Tamao: So, part of the reason I wanted to call them back was so we had lunch a couple of years ago and the result was that he told me a really great story and I said wow, you know, really, we want DevXCon, DevRelCon to be a practitioner’s conference where we really try to move away from the high-level talks and really get people to share their real-life stories, what they’re dealing with in their particular use cases and not have all the answers but, you know, to share it so we can start the conversation. So hopefully, those of you who were here last year, you saw Alex come to speak and I said, “I love the story that you told me. I really want you to share it,” and then he didn’t share it.
Alex: I’m sorry, it was loud.
Tamao: I was like all these people, I need to wrangle them more like, “Where was the awesome story?” So fast forward, I said, “Okay, this time I’m gonna get you in this seat. You don’t even have to prepare slides, I just want you to talk about it.” And of course, you said, “Well, you’ll have to talk to Randall because he was part of this really great story.” And so I was on a call with Randall months ago and what I loved was, I was like, “This is what Alex told me.” It’s just amazing sort of this history of like what happened in the early days at Stormpath and what you did and the example was really of, you know, someone who even though he’s a little different because he’s not just a dev advocate, he’s sort of a CTO dev advocate, but you know, someone with very much a dev advocate hat had gone and kinda done something and really influenced the direction that the company would go so I really wanted to share that.

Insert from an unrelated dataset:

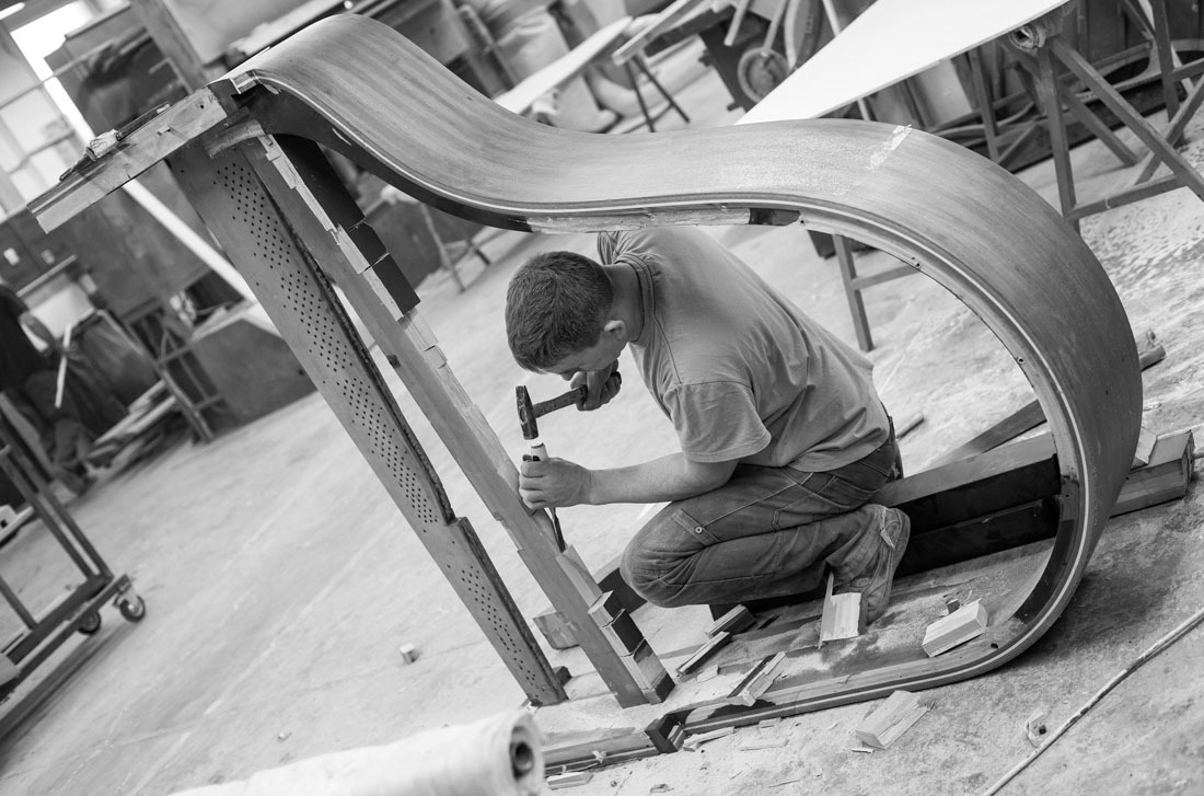 Anschließend wird die zuvor angefertigte Resonanzbodenplatte einer speziellen Bearbeitung in der Presse unterzogen, wodurch sie ihre endgültige Form erhält.

And so when I chatted with Randall a couple months ago, he’s like, “Let me tell you my side of the story. This is how I experienced it.” So, with him not here, hopefully, you know, if Alex…Alex supposedly is trained on both sides of the story from Randall, but if he doesn’t, I’ll try to insert some of my memory. So give us the scenario. What I heard was a scenario, was sort of from the executive level sort of a request and a vision of what they wanted Randall to be doing, how he should be spending the time and what you thought the product direction might be at that time that needed change.
Alex: Yeah, so let me go back and set the stage. So this was… I mean, remember, this is fairly early at the time. We did not have developer relations at the time. We had no developer advocates and…
Tamao: How many people were there?
Alex: I think we were like 12.
And so you know, one of the problems of developer products is that you typically have great developers building that product. You know, your CTO, your architects, your engineers, I mean, they’re typically, you know, what we refer to as like Level 6 to 10 developers and that’s great, that’s why you end up building great products. It attracts great talent, you build great products, it all works, it scales. The challenge that level…you know, high-level developers have is that they tend to not understand and have empathy for the average developer, you know, the level one through five developer. They think everyone is as smart as them and if they’re not as smart as them, they should be. And that doesn’t really work well for dev ex and dev rel. But we didn’t really put the dev ex, dev rel function yet and so we were still in that mode. But our whole organization thought every developer is very comfortable with the REST APIs and they should all understand how to make them work and it’ll all be magic if we just give them a good REST API.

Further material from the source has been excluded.